2018 年 30 巻 3 号 p. 249-254
後期高齢者において顎関節脱臼が繰り返し発症すると,摂食・嚥下機能が大きく障害され,体力が低下するフレイルに陥る可能性がある。しかしながら,現時点では要介護高齢者における顎関節脱臼の発症頻度や状態などが不明であることから,特別養護老人ホームにおける顎関節脱臼の実態調査を実施した。
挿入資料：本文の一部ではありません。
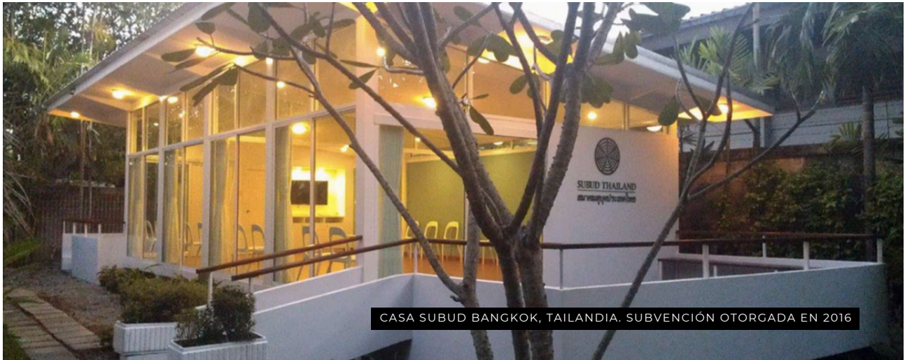
CASA SUBUD BANGKOK, TAILANDIA. SUBVENCIÓN OTORGADA EN 2016
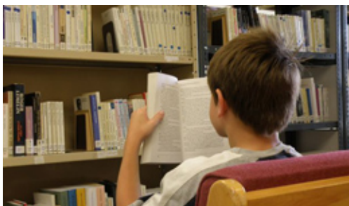
La lecture au cœur de la réussite.

Un bon pourcentage de jeunes qui atteignent un objectif qu'ils se sont fixé pendant leur séjour.
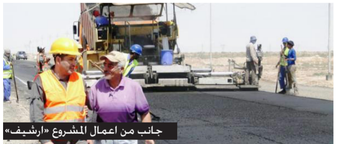
جانب من اعمال المشروع «ارثيف»
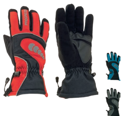
Rukavice ..... DEFROST Gloves XS-XXL ČERNÁ / ČERVENÁ • ČERNÁ / ŠEDÁ • ČERNÁ / SV. MODRÁ
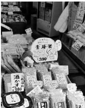
店頭で販売している商品の一部。5種類の雑穀をブレンドした「素朴米」は仙台朝市店限定商品。

地域に根差した販売店を目指して 当社は、おかげさまで10月に法人設立から10周年を迎えます。地域に根差した販売店を目指し、仙台朝市商店街と連携した「みそ作り講座」を開催するなど、住民と一緒に活動にも積極的に取り組んできたことが、多くの皆さまに支えていただけている秘訣だと感じています。今後も商品レイアウト等に工夫を凝らし、多くのお客さまに「豆・雑穀」の魅力に触れていただけるようなお店作りを行ってまいります。
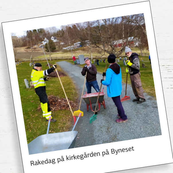
Rakedag på kirkegården på Byneset
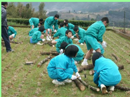
駒打ち込みを行う日之影中学校と八戸中学校の生徒

しいたけ原木に、穴あけ機や電気ドリルで穴を開けた後、種駒打ち込み体験を実施しました。

公益社団法人全国福祉施設協議会の了解を得て,無作為に特別養護老人ホームを抽出し(東京都:176施設中20施設,名古屋市:42施設中10施設,岡山市:39施設中10施設,徳島市:10施設中10施設),顎関節脱臼に関するアンケート調査を実施した。アンケート項目は,施設名,回答者職種および氏名,回答日,過去1年間における利用者総数(通所者,入所者),往診歯科医あるいは歯科の存在,過去1年間における顎関節脱臼患者総数(通所者,入所者),顎関節脱臼の整復が困難だった症例数,および他施設に顎関節脱臼の治療依頼をした症例数とした。
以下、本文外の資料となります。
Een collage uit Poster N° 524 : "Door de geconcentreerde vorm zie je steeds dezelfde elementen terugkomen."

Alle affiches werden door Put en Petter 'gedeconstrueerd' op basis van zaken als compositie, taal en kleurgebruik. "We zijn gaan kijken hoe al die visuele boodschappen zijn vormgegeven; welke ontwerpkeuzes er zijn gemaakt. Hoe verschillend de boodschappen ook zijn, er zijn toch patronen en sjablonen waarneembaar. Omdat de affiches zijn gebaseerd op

アンケートに回答した施設数は50施設中39施設(78%)であった。特別養護老人ホームにおける過去1年間の顎関節脱臼患者数は通所者が0人/1,653人(0%),施設入所者が12人/3,240人(0.4%)であった。顎関節脱臼の整復困難症例は5人/12人(41.7%)であり,脱臼に対する治療を依頼した症例は6人/12人(50%)であった。
特別養護老人ホーム入所者における顎関節脱臼患者の割合は高くはないが,一定数が存在することが理解できた。また,顎関節脱臼患者の整復が困難であったものは高い割合を示した。